Dans la ville de Gdansk, dans le nord de la Pologne, il y a eu un débat houleux au sujet d’un char soviétique T-34 sur Victory Avenue, et la ville a décidé de ne pas le retirer. Le commandant du char était un lieutenant polonais et les soldats polonais ont joué un rôle clé dans la libération de l’ancienne ville allemande de Dantzig des nazis.

Dans une lettre ouverte, deux descendants de soldats polonais en temps de guerre ont exprimé leur indignation face à la suppression de monuments.

Ils ont rappelé que des soldats polonais sont morts en combattant avec les Soviétiques pour libérer la Pologne des nazis et que la victoire soviétique a permis à la Pologne de recevoir une bande de territoires et de villes allemandes vaincues, dont Gdansk et Wroclaw. Ils ont également noté que c’était l’Armée rouge qui avait libéré Auschwitz, Majdanek et de nombreux autres camps de la mort nazis.

“S’il n’y avait pas eu la victoire des soldats polonais et soviétiques en mai 1945, la Pologne n’aurait peut-être pas existé du tout”, a déclaré la lettre du rédacteur en chef du magazine Pawel Dybicz et de l’historien August Grabski.

Mais de nombreux autres Polonais notent que la Seconde Guerre mondiale a éclaté après que l’Union soviétique et l’Allemagne nazie ont convenu secrètement en 1939 de se partager la Pologne et les États baltes. Ce n’est qu’après que l’Allemagne a trahi et envahi l’Union soviétique que l’Armée rouge a commencé à combattre les Allemands.

Même avant la guerre de la Russie en Ukraine, les monuments ont été une source de tensions.

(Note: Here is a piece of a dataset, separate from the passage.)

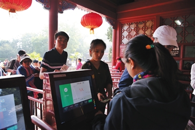 記者從香山公園了解到,國(guó)慶期間香山公園實(shí)施游客網(wǎng)上預(yù)約游覽制度,每日最大售票量7萬(wàn)張。記者走訪注意到,香山公園門區(qū)已全部更換售驗(yàn)票系統(tǒng),東門、北門設(shè)置了12臺(tái)綜合驗(yàn)票機(jī),可同時(shí)檢驗(yàn)電子二維碼、紙票二維碼等,游客掃碼、屏幕上出現(xiàn)確認(rèn)界面后即可入園,耗時(shí)僅需1-2秒。(記者周依)

En 2007, le déplacement d’un monument de la Seconde Guerre mondiale d’un soldat de l’Armée rouge à Tallinn, en Estonie, a déclenché des jours d’émeutes.

En 2013, un artiste a érigé une statue représentant un soldat soviétique violant une femme enceinte à côté du char de Gdansk. La sculpture non autorisée a été rapidement retirée. Après l’invasion de l’Ukraine par la Russie, un autre artiste a recouvert le char d’un grand drapeau ukrainien cousu à la main pour protester contre ce qu’il a appelé la “tyrannie” du président russe Vladimir Poutine.

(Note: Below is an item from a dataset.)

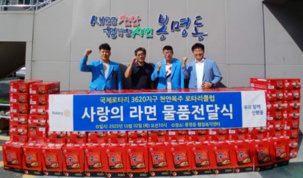 박용동 봉명동장은 “어려운 시기에 이웃들을 위해 따뜻한 정성을 보내주신 천안목주로타리클럽에 감사드린다”며 “후원물품은 도움이 필요한 주민들에게 잘 전달할 것”이라고 말했다.

En mars, alors que la Pologne établissait un calendrier pour la destruction des monuments soviétiques, un habitant de la ville septentrionale de Koszalin a pris les choses en main. Il a conduit une excavatrice dans un cimetière et a renversé la statue d’un soldat soviétique étreint par une fille.

Nawrocki dit que l’enlèvement officiel des monuments soviétiques en Pologne progresse “à un rythme très rapide, mais c’est une question qui aurait dû être réglée il y a longtemps”.